> [TASK GOAL]
In your copy of the listing below, reproduce each word exactly and include no pictures.

> [DATASET EXCERPT]
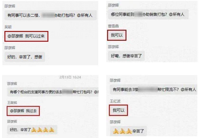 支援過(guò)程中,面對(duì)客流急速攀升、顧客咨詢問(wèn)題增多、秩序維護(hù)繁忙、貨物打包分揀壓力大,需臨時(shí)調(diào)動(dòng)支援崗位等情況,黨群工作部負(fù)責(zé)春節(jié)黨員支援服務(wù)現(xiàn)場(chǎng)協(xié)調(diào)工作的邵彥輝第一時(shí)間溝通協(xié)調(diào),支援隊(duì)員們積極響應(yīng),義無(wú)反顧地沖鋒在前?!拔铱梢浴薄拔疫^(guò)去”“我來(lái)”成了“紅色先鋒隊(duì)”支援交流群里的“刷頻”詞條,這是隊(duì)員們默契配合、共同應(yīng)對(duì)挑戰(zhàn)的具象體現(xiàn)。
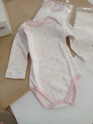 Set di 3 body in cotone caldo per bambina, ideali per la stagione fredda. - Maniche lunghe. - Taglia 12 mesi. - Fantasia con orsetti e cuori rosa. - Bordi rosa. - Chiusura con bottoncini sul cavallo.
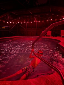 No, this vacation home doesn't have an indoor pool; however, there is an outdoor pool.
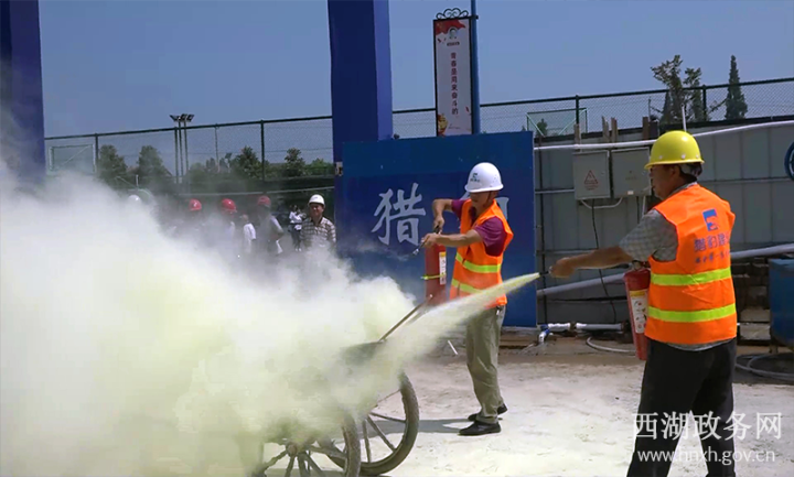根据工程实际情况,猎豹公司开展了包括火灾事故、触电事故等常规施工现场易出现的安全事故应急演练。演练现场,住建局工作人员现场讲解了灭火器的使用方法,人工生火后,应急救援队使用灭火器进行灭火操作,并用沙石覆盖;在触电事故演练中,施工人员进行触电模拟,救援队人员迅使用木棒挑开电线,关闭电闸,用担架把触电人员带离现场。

> [SOLUTION FOR THIS TASK]
 支援過(guò)程中,面對(duì)客流急速攀升、顧客咨詢問(wèn)題增多、秩序維護(hù)繁忙、貨物打包分揀壓力大,需臨時(shí)調(diào)動(dòng)支援崗位等情況,黨群工作部負(fù)責(zé)春節(jié)黨員支援服務(wù)現(xiàn)場(chǎng)協(xié)調(diào)工作的邵彥輝第一時(shí)間溝通協(xié)調(diào),支援隊(duì)員們積極響應(yīng),義無(wú)反顧地沖鋒在前?!拔铱梢浴薄拔疫^(guò)去”“我來(lái)”成了“紅色先鋒隊(duì)”支援交流群里的“刷頻”詞條,這是隊(duì)員們默契配合、共同應(yīng)對(duì)挑戰(zhàn)的具象體現(xiàn)。
 Set di 3 body in cotone caldo per bambina, ideali per la stagione fredda. - Maniche lunghe. - Taglia 12 mesi. - Fantasia con orsetti e cuori rosa. - Bordi rosa. - Chiusura con bottoncini sul cavallo.
 No, this vacation home doesn't have an indoor pool; however, there is an outdoor pool.
根据工程实际情况,猎豹公司开展了包括火灾事故、触电事故等常规施工现场易出现的安全事故应急演练。演练现场,住建局工作人员现场讲解了灭火器的使用方法,人工生火后,应急救援队使用灭火器进行灭火操作,并用沙石覆盖;在触电事故演练中,施工人员进行触电模拟,救援队人员迅使用木棒挑开电线,关闭电闸,用担架把触电人员带离现场。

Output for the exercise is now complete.